При заходе солнца, наверху на горе сверкала молния выстрела и грохот "вечерней пушки" извещал иностранцев, не имевших права пребывания в городе, что они должны его покинуть. По улицам проходил игравший вечернюю зорю военный оркестр из флейт и барабанов, окружавших любимый англичанами национальный инструмент, большой барабан, на котором играл обеими руками потея, с засученными рукавами, атлет с крепкими мускулами. За оркестром шагал Сан-Педро, офицер под конвоем, с ключами от городских ворот.

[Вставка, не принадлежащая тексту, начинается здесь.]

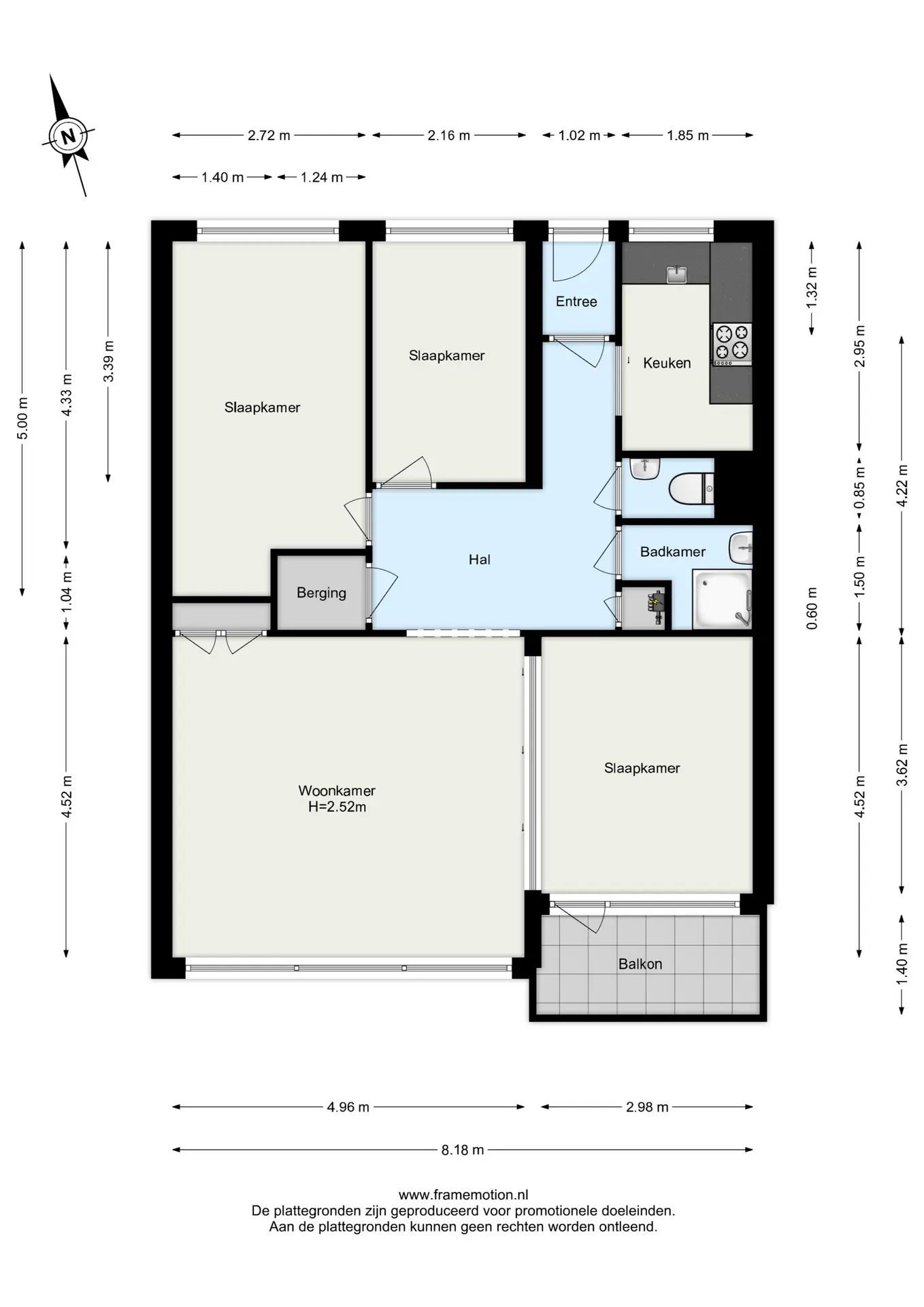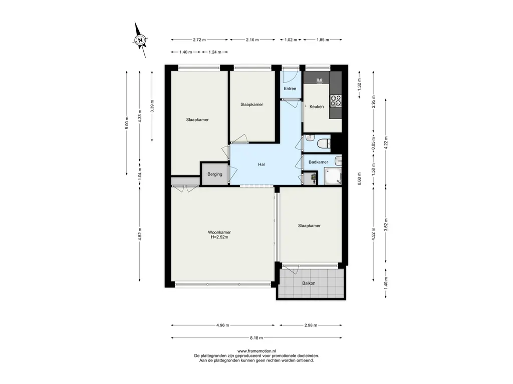 Binnenkomst in de hal, die toegang biedt tot de woonkamer, keuken, twee slaapkamers, een diepe bergkast, de badkamer en het toilet.

Гибралтар оставался отрезанным от остального мира. Запирались ворота и опускные решетки. Сосредоточившись в себе, город весь отдавался религиозному рвению, находя в вере приятное времяпрепровождение перед ужином и сном.
Евреи зажигали в синагогах лампы и пели славу Иегове. Католики молились в соборе, склонившись над четками. Из протестантской церкви, выстроенной в мавританском вкусе, словно мечеть, вырывались, как небесный шепот, голоса девушек под аккомпанемент органа; мусульмане собирались в доме своего консула, чтобы гнусавым голосом произносить монотонные бесконечные приветствия Аллаху. В ресторанах, сооруженных протестантскими обществами трезвости во имя уничтожения порока пьянства, солдаты и моряки сидели трезвые, попивая лимонад или чай из чашек и вдруг затягивали гимны в честь Бога Израиля, который во время оно вывел евреев из пустыни, а теперь вел старую Англию по всем морям, дабы она могла во всем мире распространить свою мораль и свое сукно.
Религия настолько заполняла существование этих людей, что подавляла даже национальное различие. Агирре знал, что в Гибралтаре он не испанец, а -- католик. Хотя большинство были английскими подданными, но они не помнили об этом и называли друг друга по вероисповеданиям.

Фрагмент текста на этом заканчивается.